Waar het om gaat is dat je groentes combineert die een verschillende textuur, een verschillende mondgevoel, hebben. Zacht, hard, knapperig, smeuig – enzovoorts. Rauw, net uit de pan – of eerder bereid. Kliekjes zijn super in de sla: een handvol gestoomde boontjes, drie overgebleven stronkjes broccoli, wat overgeschoten in de oven gebakken pastinaak, pompoen of (in de zomer) courgette en aubergine: ideaal in de lunchsalade.
Over kliekjes gesproken: restjes gekookte granen, peulvruchten, vlees of vis zijn ideaal als vulling in je salade. Want sla heeft behalve groente vulling nodig, anders heb je na een uur alweer trek. Ik wel tenminste. Als je geen kliekjes hebt kunnen bonen uit blik ook (kikkererwten!). Of noedels, gerookte makreel, een half blikje sardines (goed voor je vetzuren!), een gekookt ei, een in reepjes gesneden omelet, of een handvol nootjes.
Groente, vulling… tijd voor dressing. To dress is aankleden in het Engels, en dat is precies de juiste omschrijving. Zonder dressing is een salade naakt.
Je kunt natuurlijk vinaigrette van recept maken (deze bijvoorbeeld, of deze), maar vaste lezers zal het niet verbazen dat ik meer van de grote lijnen ben.
Dressing kan trouwens ook een bestaande saus of dip zijn. Knoflooksaus over? Humus? Baba ganoush? Pesto? Tahinsaus? Guacamole? Tapenade? Niet moeilijk doen, is allemaal lekker – mik het door je salade. Desnoods aangevuld met wat extra olie of een schep yoghurt. Klaar. Maar, eh… nooit sladressing uit een fles hé? Da’s namelijk niet zo lekker (want gezouten suikerwater met bindmiddelen en smaakstoffen). Daar zijn we het vast over eens.
En als de dressing dan het jurkje van je salade is, dan maak je ‘m natuurlijk af met een bloemetje in het haar. Want het oog wil ook wat. Ik <3 eetbare bloemen, maar het gaat vooral – alweer – om contrasten. Kleurverschil in je ingrediënten maakt je salade interessanter. Een salade van (groene) spinazie met (groene) tuinbonen en (groene) asperges oogt stukken leuker als je die combineert met radijsjes, eikenbladsla, worteltjes en/of bietjes. Of fruit: stukjes sinaasappel, aardbeien… nou ja, je snapt het.

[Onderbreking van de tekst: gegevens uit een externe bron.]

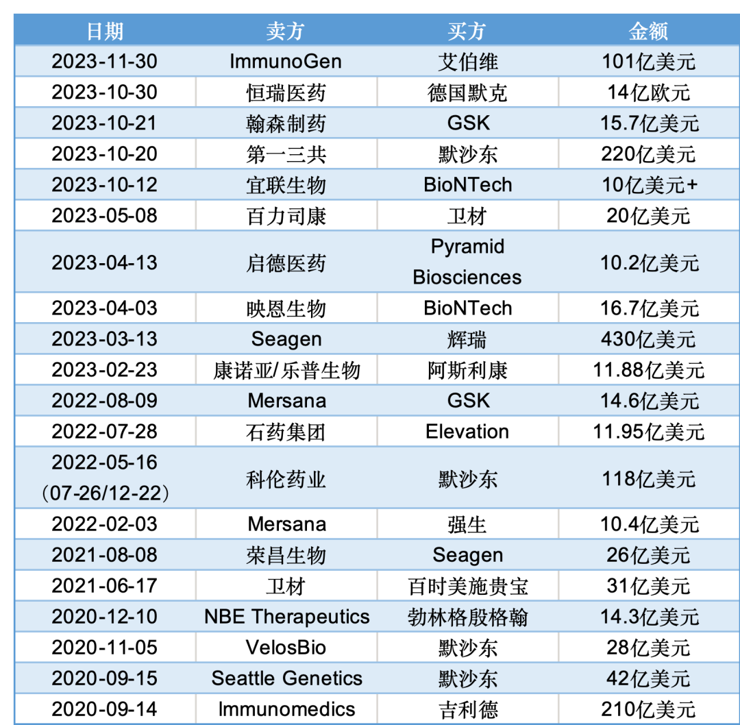 2023年头尾两大医药并购交易都与ADC有关。3月13日,辉瑞以430亿美元收购全球知名的ADC药物开发企业Seagen;11月30日,艾伯维宣布将收购ADC上市公司ImmunoGen,获得FRα ADC新药Elahere,以及在研产品CD123 ADC、ADAM9 ADC等。
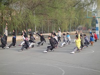 走在早晨6点钟的篮球场,你会听见一声声嘹亮的口号,看见一排排整齐有序的队形。没错,这便是古天乐代言太阳集团三路长拳训练方队。为使大家能更好地掌握三路长拳,领队选出8名出色的方队长各领一小队进行单独训练。各方队长不但动作标准而且认真负责,对于大家的拳、掌、勾等手型以及马步、弓步、仆步、歇步、虚步等步法进行细致耐心地指导,并亲自为大家演示一些细节,在歇息时大家都互相交流学习从而进一步增进了彼此之间的感情。同学们也细致认真,他们克服早晨早起带来的疲倦,尽自己最大努力将每个动作打到标准,那气宇轩昂的气势展示出了机械人的风采。
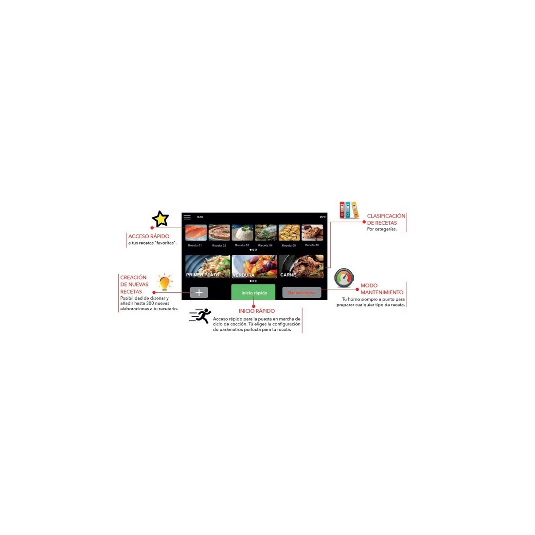 - Capacidad de almacenamiento de hasta 300 recetas
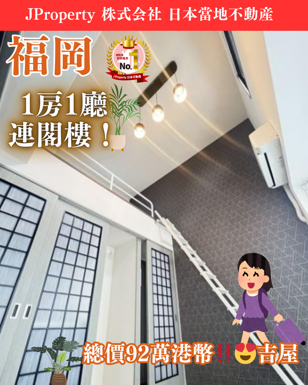 福岡1房1廳連閣樓!高樓底, 低管修費,高層電梯樓,3站到天神(超強商業區) 有站前商店街,總價92萬港幣,吉屋
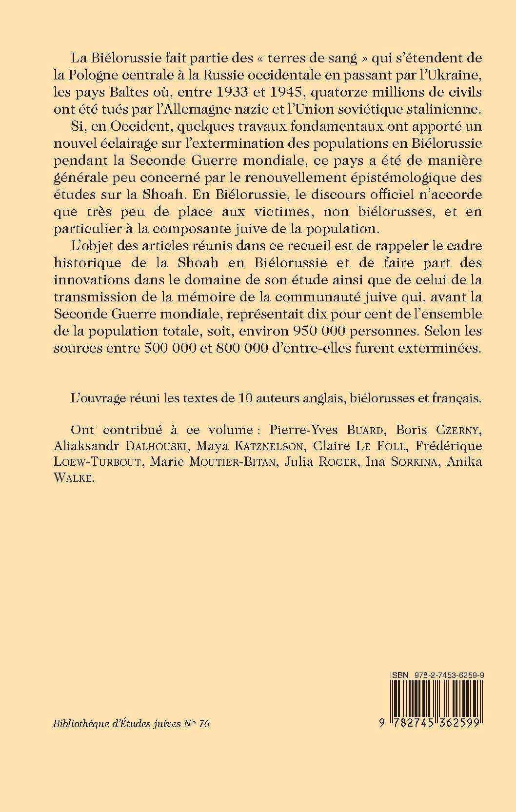 L’objet des articles réunis dans ce recueil est de rappeler le cadre historique de la Shoah en Biélorussie et de faire part des innovations dans le domaine de son étude ainsi que de celui de la transmission de la mémoire de la communauté juive qui, avant la Seconde Guerre mondiale, représentait dix pour cent de l’ensemble de la population totale, soit, environ 950 000 personnes. Selon les sources entre 500 000 et 800 000 d’entre-elles furent exterminées.
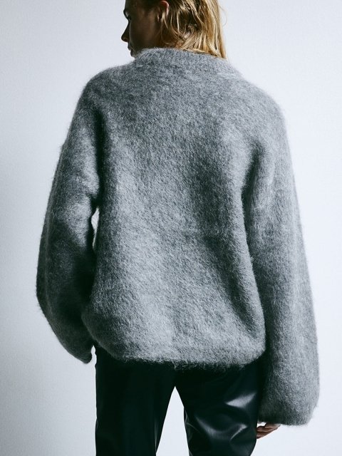 Tailored trousers in coated fabric with a high waist, zip fly and a concealed button and hook-and-bar fastening. Diagonal side pockets, fake welt pockets at the back and slim legs with sewn-in creases down the front.

Naast kleur is versiering ook crunch. Geluidsversiering 😉 De laatste jaren is de voorraad zaden en pitten in mijn keukenkast flink gegroeid: naast de zonnebloemzaadjes en pompoenpitjes heb ik meestal ook hennep-, chia-, lijn-, sesam- en/of nigellazaadjes in huis. Doe een schepje door je salade voor het geluidseffect. Dat kan gewoon zo, of je verwerkt ze tot hartige granola of (mijn huidige verslaving) dukkah: een Egyptisch specerijennotenmengsel. Nomnomnom…
Ook lekker qua crunch, en een fijn staaltje restverwerking: croutons van oud brood.

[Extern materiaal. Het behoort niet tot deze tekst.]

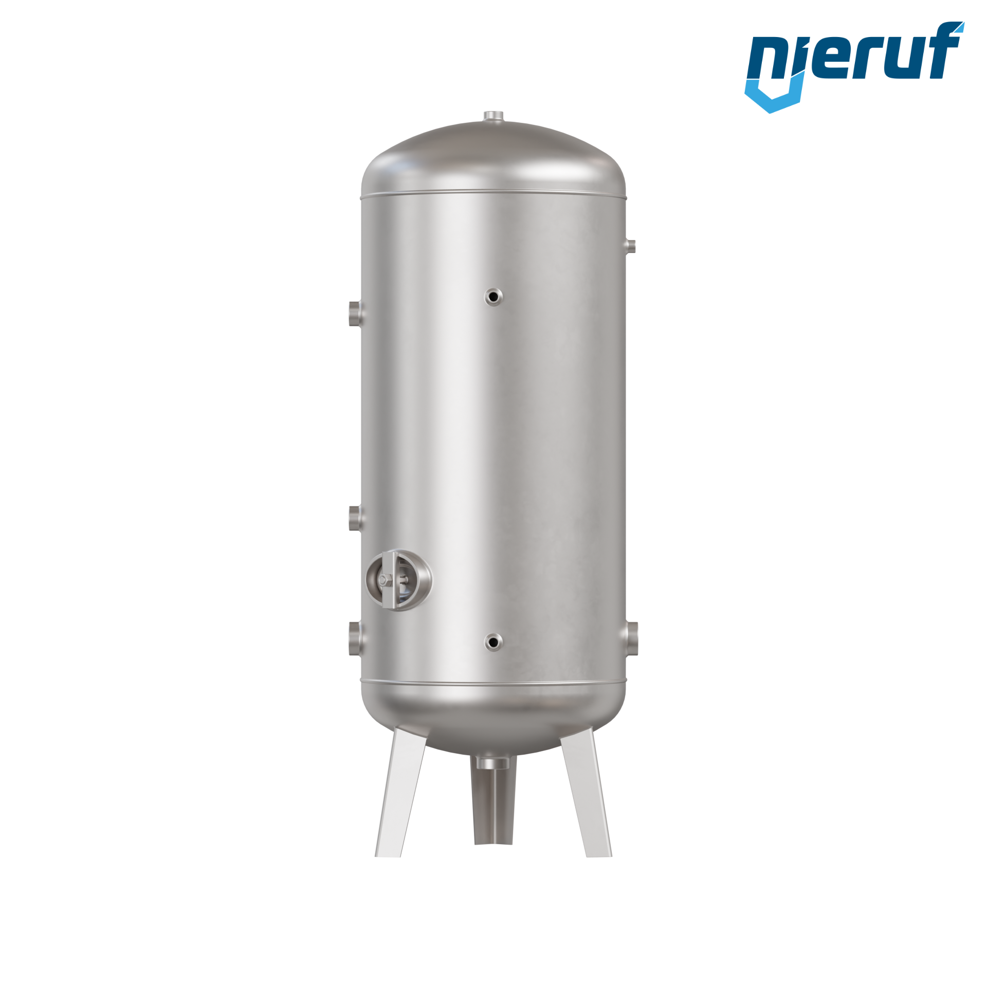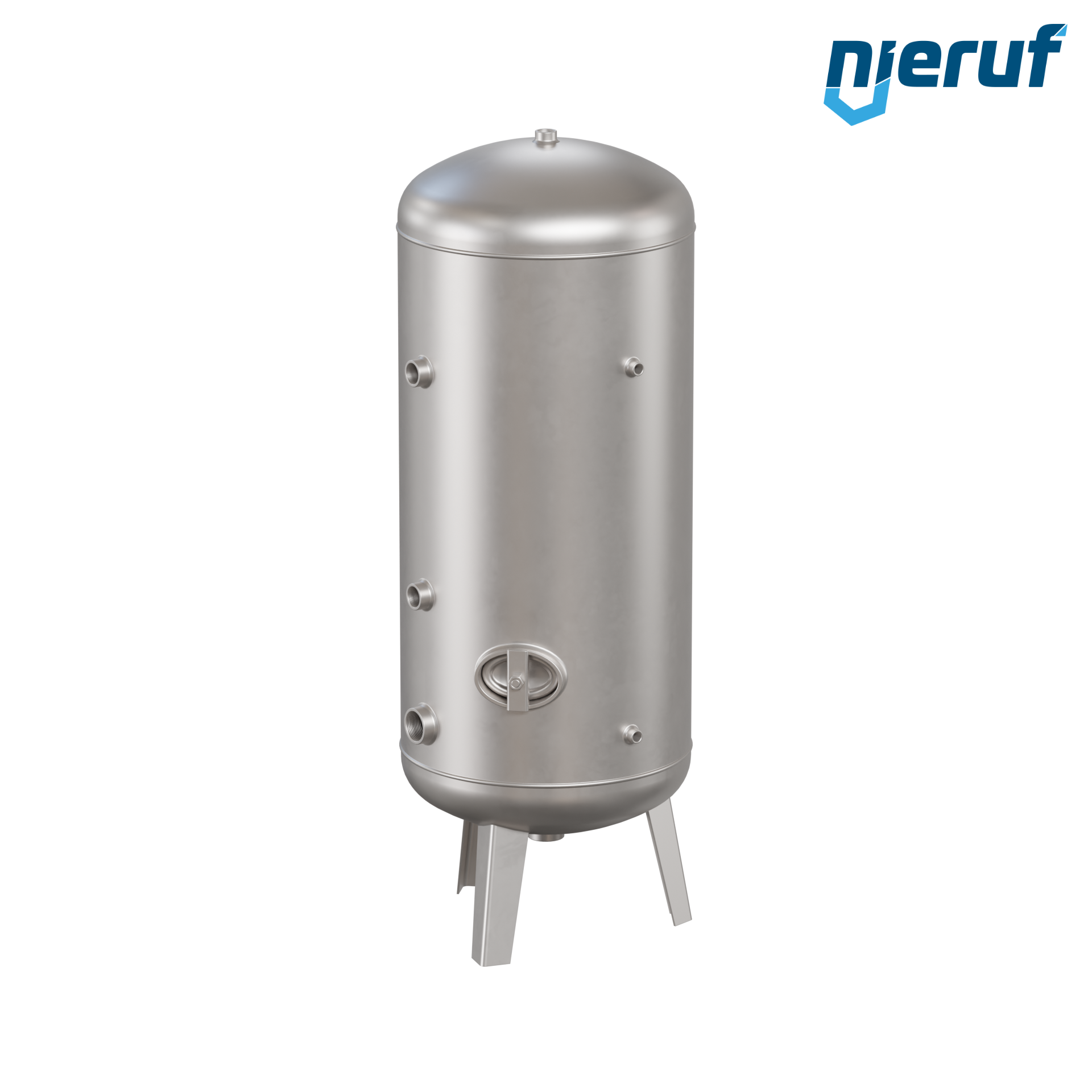 Serbatoio a pressione per acqua BE04 con 300 litri di volume versione verticale con pressione di esercizio 0-6 bar in acciaio inox AISI 316Ti e diametro 550 mm

En tot slot: doe niet alles tegelijk. Keep it simple. Een maaltijdsalade heeft wat body nodig, maar als je sla maakt als bijgerecht zijn drie ingrediënten, wat pitjes en een dressing al helemaal prima.

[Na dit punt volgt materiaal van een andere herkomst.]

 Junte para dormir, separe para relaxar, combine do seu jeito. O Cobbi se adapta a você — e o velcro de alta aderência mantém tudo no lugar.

Op de foto: mijn sla van gisteravond, voor naast de wortelstamp: in reepjes gesneden venkel, plakjes radijs en grof gehakte peterselie. Met sesamzaadjes en wat van de yoghurt-mayo-dip die de kleuter moest verleiden haar bord leeg te eten. Vijf ingrediënten, twee minuten werk. Easy peasy.
Ik vind het leuk als mijn lezers terugpraten! Daarom een vraag: wat is jouw favoriete salade-ingrediënt?